Your fix: Start moving if you're sedentary. Women
who get the government-recommended 150 minutes of moderate exercise or
75 minutes of vigorous activity per week report less fatigue and more
energy and vigor than those who don't, according to a recent study in
Medicine & Science in Sports & Exercise. If you're using
exercise to help you sleep better, give your new regimen time to take
hold-another study in the
Journal of Clinical Sleep Medicine found you'll need to move consistently for a few weeks or even months to reap the restful benefits.
You're exercising too much
On the flip side, you can have too much of a good thing. If you're
sweating every day or doing heavy-duty training for an event like a
triathlon, fatigue and trouble sleeping can serve as a sign that you're
pushing your body beyond its limits. Workouts--and especially endurance
sports like long-distance running and cycling--also cause a spike in
cortisol. If you're not striking the right balance between activity and
rest, you can overload your system with physical stress just as you can
with emotional or mental pressure, Dr. Bubbs points out.
Your fix: If you're exercising regularly but
suddenly tire more easily, you may be overreaching. Try taking a few
days of complete rest. Then ease back into your routine, doing about 25%
of your usual activity for a week and adding another 25% each week
until you're back up to speed, advises Tom Holland, MS, CSCS, 21-time
Ironman Triathlete and author of
The Marathon Method.
You have a urinary tract infection
If you've had a UTI before, you know the burning urgency that comes
when you pee. But about half of women who show up with UTIs also report
fatigue and a general sense of illness, and the rate increases among
those 40 or older, says Ashley Carroll, MD, an assistant professor of
urogynecology at Virginia Commonwealth University. "Basically, it's your
body's way of forcing you to rest in order to focus energy on fighting
the infection," Dr. Carroll says.
Your fix: Head to the doctor if you suspect a UTI.

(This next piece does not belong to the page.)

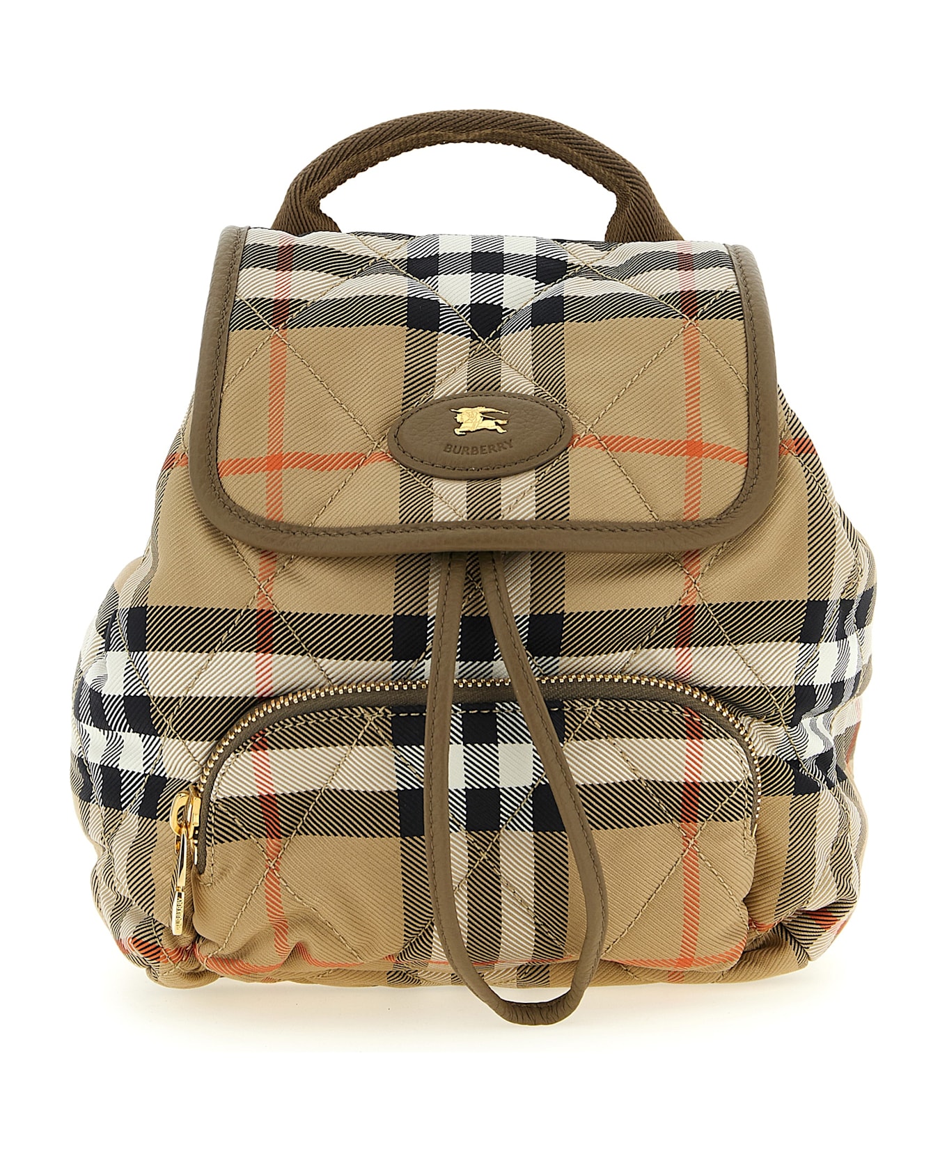 'Horseshoe' mini? quilted nylon backpack woven with Burberry Check and solid hammered leather, fixed tape handle, magnetic flap closure with leather patch and front 'Equestrian Knight Design' logo, inner drawstring, front zip pocket, adjustable ribbon shoulder straps, nylon lining.

Prescription antibiotics can banish the bacteria. All your symptoms,
including fatigue, should subside within seven to 10 days of completing
treatment. As you're healing, get plenty of rest, stay hydrated, and eat
a healthy diet, Dr. Carroll advises. If you're prone to frequent UTIs
(more than a couple per year) talk with your doctor--long-term
prophylactic antibiotics can ward off future infections.